L'enquête aura duré dix ans. Ce 27 janvier, l'ancien homme fort du Parti socialiste des Bouches-du-Rhône, le sénateur Jean-Noël Guérini, est renvoyé devant le tribunal correctionnel pour «prise illégale d’intérêts» concernant «l'exploitation d'une décharge par son frère».
Dans cette affaire tentaculaire, il est reproché à l’ancien président du Conseil général des Bouches-du-Rhône et à 11 autres prévenus «un dévoiement généralisé de la chose publique au service d'intérêts économiques privés», écrit le juge d'instruction dans son ordonnance consultée ce 27 janvier par l'AFP.
Jean-Noël Guérini, dont les avocats avaient sollicité un non-lieu total, devra s’expliquer pour son vote, en juin 2006 en commission permanente, autorisant la cession d’un terrain situé sur la commune de La Ciotat (Bouches-du-Rhône) à la communauté d'agglomération «alors qu’il savait que cette cession allait profiter à son frère Alexandre Guérini», selon l'ordonnance.
Ce dernier dirigeait la société, SMA Environnement, attributaire d'un marché public portant sur l’aménagement et l'exploitation de ce terrain utilisé comme centre d'enfouissement des déchets ménagers.
Conflit d'intérêts ?
Les autres personnes – parmi lesquelles le frère de l’élu Alexandre Guérini – et une entreprise dirigée par ce dernier seront également jugées dans cette affaire qui mêle des soupçons de trafic d’influence, d’infractions sur les marchés publics, d’abus de confiance et d’abus de biens sociaux.
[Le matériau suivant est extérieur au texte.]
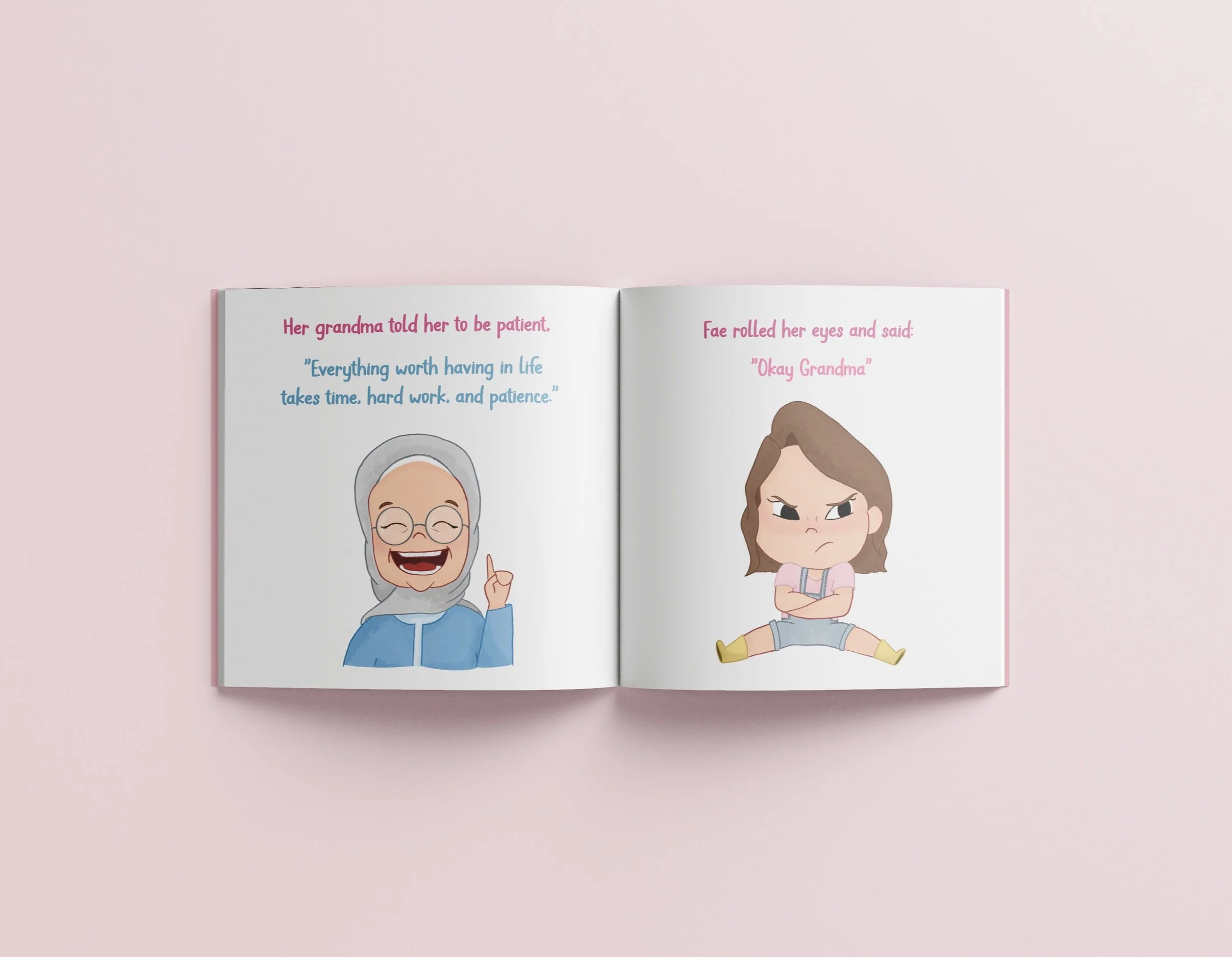 Creating culturally relatable characters for a given story to design and illustrate a children’s storybook. A story script was given to the class in both arabic and English and we were required to choose one language and create the scenes and add text to it.
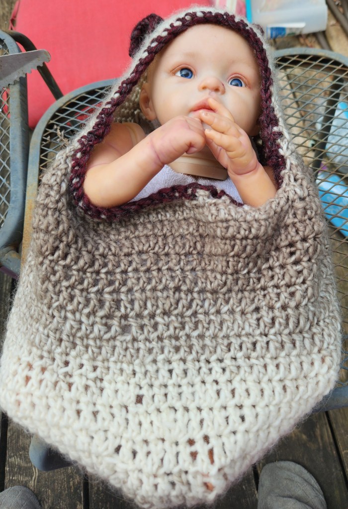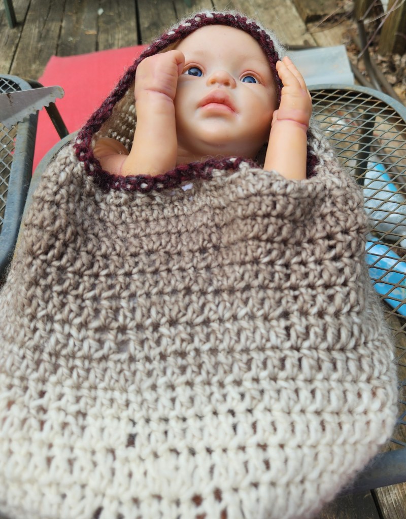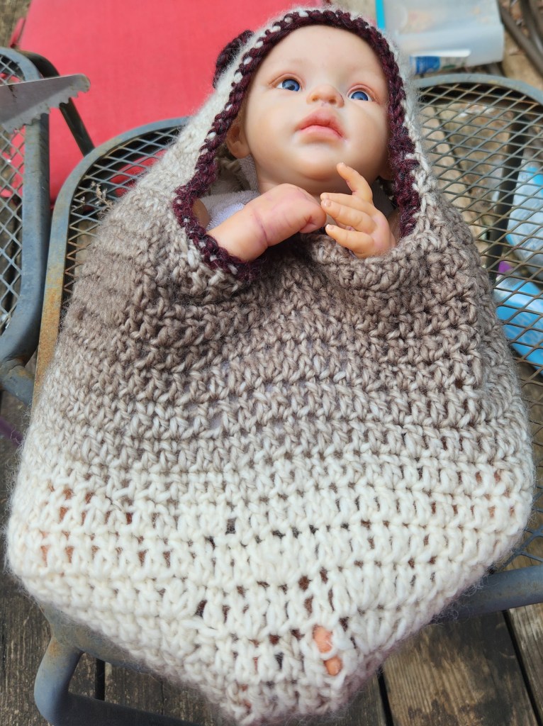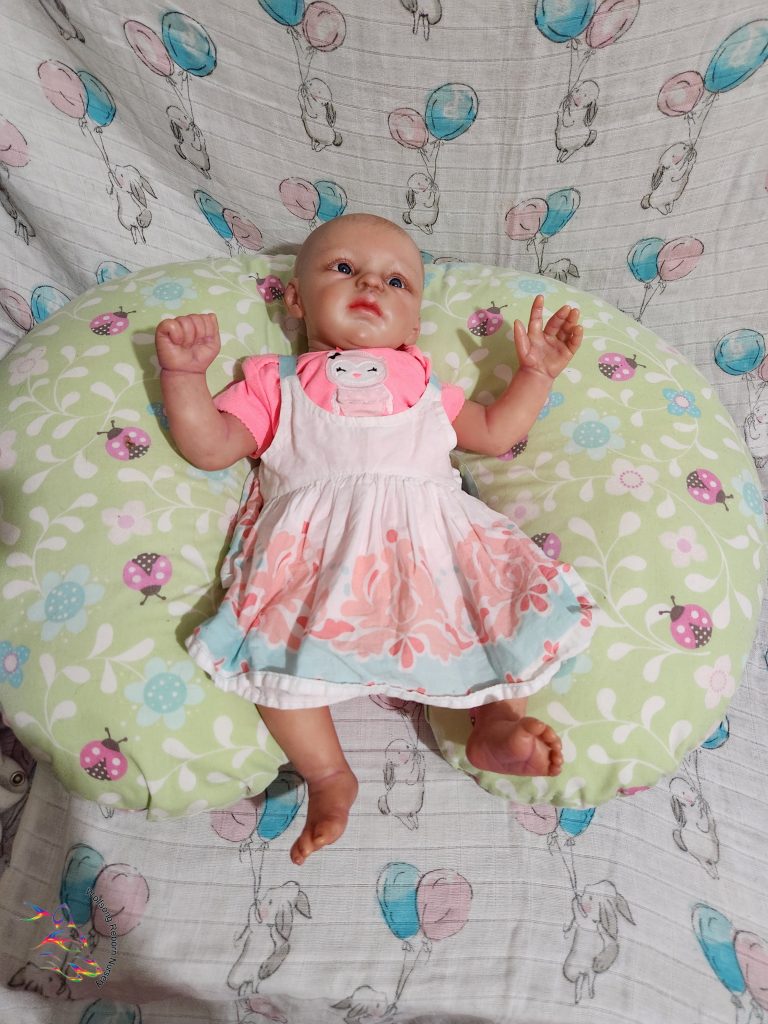 Then comes the fun part. I put her together, using silicone pads to make the bottom and tummy feel more real and used 2 different types of polyfill and high quality #3 glass beads .75-1mm in a microfiber bags; one in the body, one in the head for weight…make sure to support her little head, just like a real newborn. And once her heart was added, she was finished ! Now there are a couple of places I’ve found some flaws that I believe are in the vinyl. Due to those (ask for photos or go to her page) I’m selling her as a BooBoo baby.
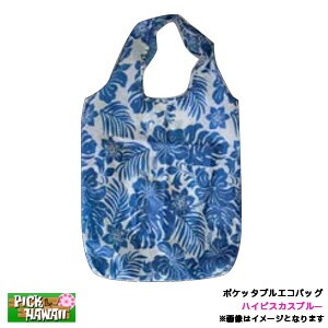 ポケッタブルエコバッグ 折りたたみ ハイビスカスブルー 買い物袋 H39×W41cm ハワイハワイお土産 アメリカ ハワイアン雑貨...

Le magistrat a prononcé un non-lieu pour les trois autres infractions pour lesquelles Jean-Noël Guérini avait été mis en examen, notamment la participation à une association de malfaiteurs, conformément aux réquisitions du parquet.
Outre le «dévoiement généralisé de la chose publique» reproché aux 12 prévenus, le juge Fabrice Naudé qui a bouclé cette instruction le 17 janvier, souligne «une confusion permanente dans la définition des priorités devant présider au fonctionnement des collectivités publiques et des entreprises privées».
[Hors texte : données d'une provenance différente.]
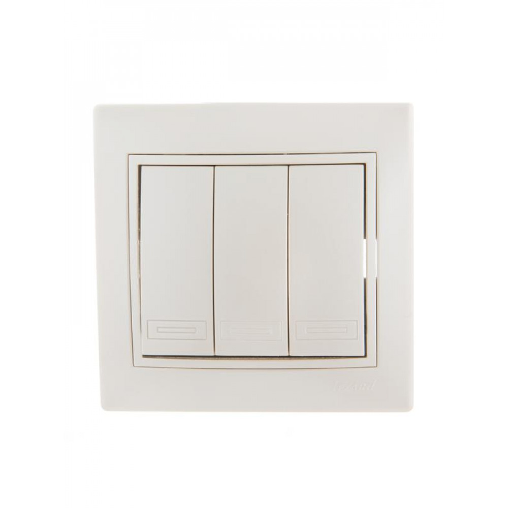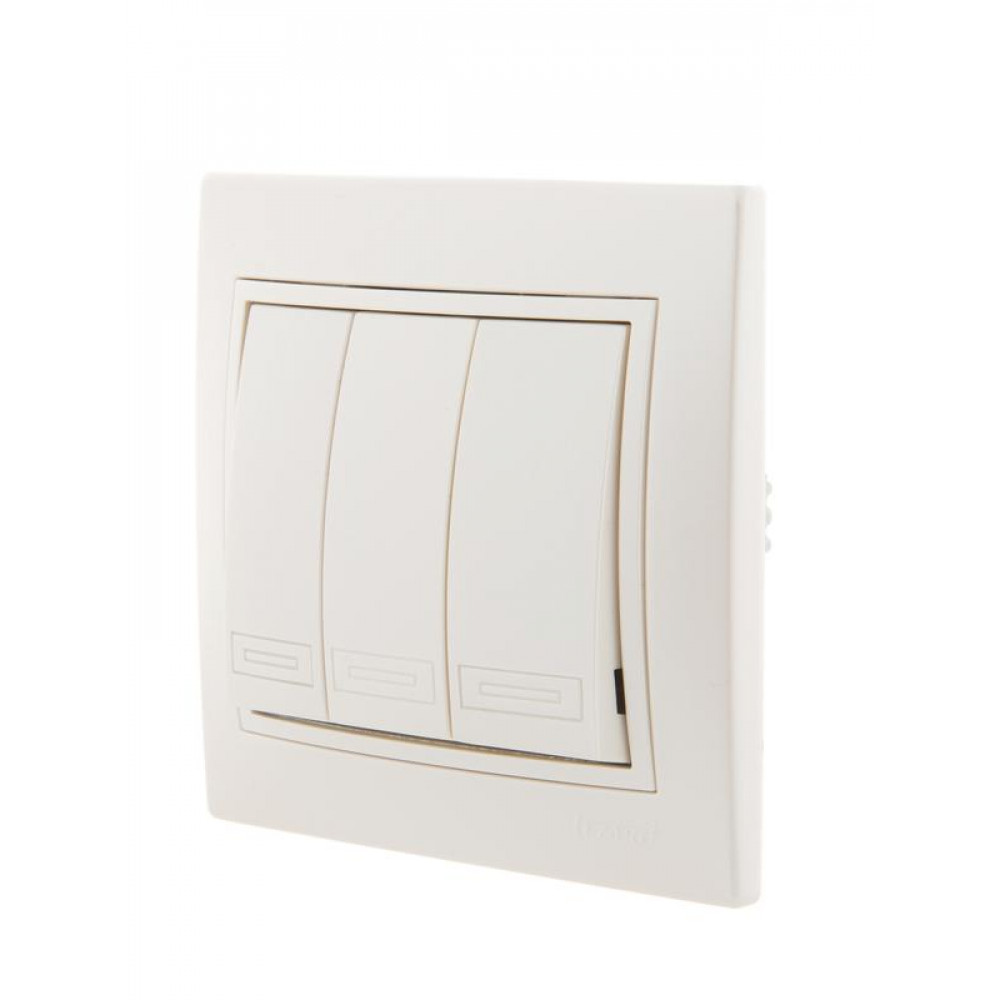 Выключатель 3-клавишный это двухпозиционный коммутационный аппарат с замыкающими (нормально-разомкнутыми) контактами, предназначенный для работы в сетях с напряжением до 1000 вольт, не предназначенный для отключения токов короткого замыкания, без специальных устройств дугогашения, местного управления, с ручным приводом.
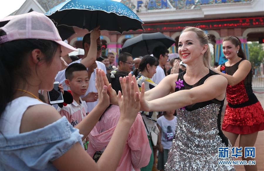7月31日,列娜(右二)表演后與游客互動(dòng)。新華社記者龍雷攝
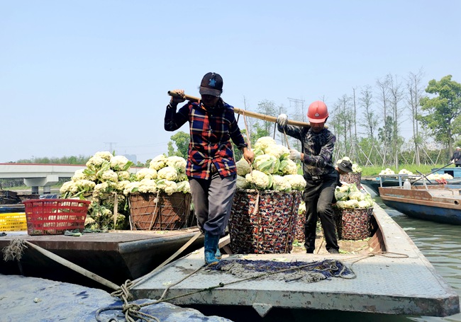 日前,記者在溫州瑞安濱海萬畝良田“三位一體”展示中心門口看到,一艘艘小船滿載著花椰菜?堪哆,兩個人合力將筐筐花椰菜挑上岸。

Cette affaire, qui avait provoqué un séisme au sein du paysage politique marseillais, a concerné une trentaine de volets distincts dont bon nombre n'avaient pas abouti à des mises en cause.
Procès en fin d'année ?
Sur les 25 personnes physiques initialement mises en examen, 14 bénéficient d’un non-lieu tout comme la société Vebolia Propreté – en tant que personne morale – qui avait été mise en examen pour recel de trafic d’influence.
Au total, note le juge Naudé, «ce sont 99 interrogatoires et dix confrontations qui ont été conduits», dont une trentaine concernant Alexandre Guérini, personnage central du dossier. Quelque 13 millions d’euros ont été saisis sur des comptes en France, au Luxembourg et en Suisse.
Le juge a signé un non-lieu général concernant l’infraction de participation à une association de malfaiteurs. Aucun fait matériel préparatoire n’a pu être identifié, indique-t-il.
Il précise cependant que «des comportements ou des méthodes présentant les caractéristiques de procédés de type mafieux [...] ont pu être ponctuellement mis en évidence, qu’il s'agisse du recours à des actes de soumission, d’intimidation, voire à une forme d’omerta, aux fins d’acquérir directement ou indirectement la gestion ou le contrôle d’activités économiques ou de marchés publics, de réaliser des profits indus ou encore de fausser le jeu d’élections en s’assurant des votes futurs».
Près de 11 ans après la mise en examen de Jean-Noël Guérini, un procès pourrait se tenir en fin d’année.
En retrait du PS
«Après avoir subi dix ans d'instruction, la levée de son immunité parlementaire, le discrédit politique et social par une mise en examen pour association de malfaiteurs [...] il est renvoyé simplement pour avoir présidé une assemblée dans le cadre de ses fonctions de président du Conseil général. A certains égards, c'est inquiétant pour le fonctionnement de l'institution judiciaire», a réagi l'un de ses avocats Dominique Mattei auprès de l'AFP.
Jean-Noël Guérini, qui a perdu la présidence du conseil départemental en 2015 après la victoire de la droite, s'était mis en retrait du PS après ses ennuis judiciaires et avait devancé son exclusion en avril 2014 en démissionnant du parti pour fonder son mouvement politique, La Force du 13 (LFD13). Il siège au Sénat au sein du Rassemblement démocratique et social européen.
Sollicité par l'AFP, il n'a pas souhaité réagir.